С тетей, – с которой он жил в маленькой двухкомнатной квартире, заставленной старомодным дубовым буфетом, зеленым полудетским раскладывающимся диванчиком с разлетающимися боковинками (где спал он), могучей никелированной несдвигаемой кроватью с удивительно говорливой панцирной сеткой (где спала тетя), в квартире, занавешенной белыми занавесками с рюшами, украшенной двумя павловскими стульями, очень дорогими, поверьте мне, могучим богатырем-шкафом, делящим его комнату на малюсенькую спаленку и как бы кабинет, коврами с оленями, ковриками, безликими половичками и стоящими у стены самопальными полками под дохлые цветы в тухлых горшках, которые он забывал поливать, за что ему выговаривали, – он не мог поговорить.
Был еще книжный шкаф, который вел с Мангушевым тихую смертную войну за жизненное пространство и который Мангушева неизменно одолевал. Были еще книги западных авторов с самозабывающимися фамилиями, которые нужно было выменивать, чтобы тебя держали за интеллигентного человека.
Было еще немало фарфора и хрусталя, и чего-то вроде фарфора и хрусталя, всех этих баночек, вазочек, плошечек, скляночек, что произрастали из прошлой тетиной жизни.
Был еще запах старого комода, комода, наполненного прелестными маленькими вещами. Запах еще был, а комода уже не было.
С коллегами он общался редко. Чаще разговор начинали они, обращаясь к нему и называя его просто Мангушевым, к чему он привык и часто ловил себя на том, что на работе он иногда даже не может как бы вспомнить своего имени.
Его собственное имя вертелось, терлось, поламывало мякину языка согласными, а он с удивлением и даже с каким-то весельем следил за тем, как оно вертится, поламывает и – поди ж ты – не произносится.
Он ловил себя на том, что он помнит имена всех своих кукол, помнит их писклявые интонации, реплики, биографии, помнит до того, что иногда, как мы уже говорили, ощущает себя тоже куклой, в полой трубчатой шейке и в ручках которой чувствуются крепкие пальцы кукловода. Особенно когда поламывает спину.
– Слушай, Мангушев! – обращались к нему, и из открытых ртов коллег обычно вытекало длинное, тягучее, телевизионно-политическое сусло, которое вязко неторопливо втекало ему в уши и отягощало.
Дома тетя называла его Анатолием и сразу же начинала ему чирикать об очередях, о яйцах, о ценах, а он слушал ее, почти всегда снисходительно, иногда говорил «Да-да-да», – отмечая про себя, как тетя ужасно трогательна, как он ее любит и как ему жаль, что она постарела.

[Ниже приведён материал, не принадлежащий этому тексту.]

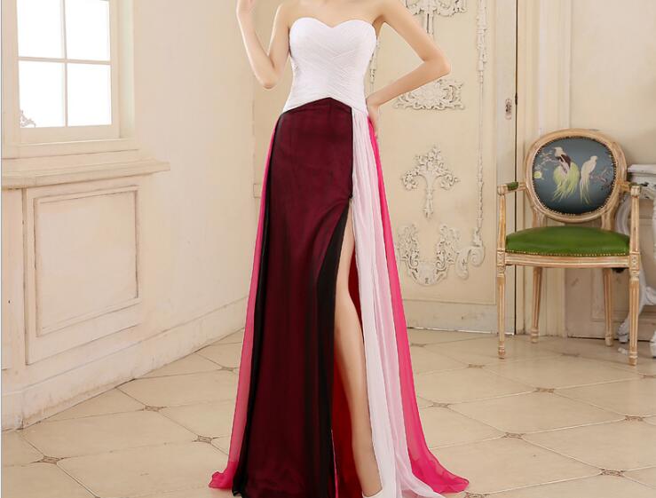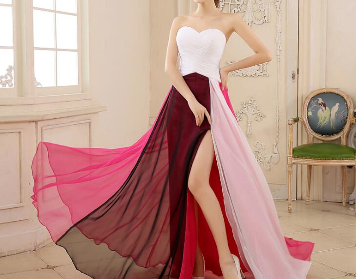 2018 A Line Chiffon Prom Dresses Sweetheart Side Slit Evening Formal Gowns

Тетя была маленькая, словно мышка. Даже в теплые вечера куталась в плед и часто болела. Во время болезни она здорово его донимала своими капризами. Как-то она вызвала его прямо с репетиции. Когда он вошел, запыхавшись, она стояла у окна.
– Анатолий! – сказала она дрожащим голосом, указывая пальцем за оконное стекло. – Я ослепла. Я там ничего не вижу. Даже бельевой веревки.
– Тетя! – воскликнул он в отчаянии. – И я там ничего не вижу! Вы же сами еще неделю назад велели мне затянуть окно со стороны улицы полиэтиленом, чтоб не дуло. Вот я и затянул.
Он говорил это быстро и шумно, а смутившаяся, растерянная тетя стояла рядом, готовая расплакаться, и быстро-быстро моргала, а потом, когда он в раздражении принялся бесцельно бродить из своей комнаты в кухню, она тихонько заскользила за ним и останавливалась, когда он останавливался, и виновато вздыхала, – наконец, во время очередной остановки она чуть-чуть прошелестела, указывая на стул.
– Можно я здесь сяду? – чем повергла его в совершеннейшее отчаянье.
– Боже мой, тетя! – воскликнул он, и она еще два дня чувствовала себя виноватой и не чирикала, и он тоже чувствовал себя виноватым и не решался ей об этом сказать, а потом он как-то обнял ее в коридоре, и она прижалась к нему, уткнулась в грудь и тихонечко бессильно захныкала.
Мангушев часто вспоминал эту сцену и при этом почти всегда думал одно и то же о том, что быт, со всеми этими буфетами, полками, цветами, потолками – полами, перебоями в воде и вообще перебоями, пожалуй, более всего паук – крупный, жадный, который забирается своим отвратительным хоботком в плоть и кровь и пускает там едкие слюни, а потом высасывает человека, и человек повисает, как сухая муха в углу, и все эти шкафы – сгрудятся, сойдутся потом, и встанут рядом с хладеющей постелью умирающего, завладевая его уже помутневшим взором. О ужас!
От ужаса ему хотелось на природу. Вместе с нудизмом.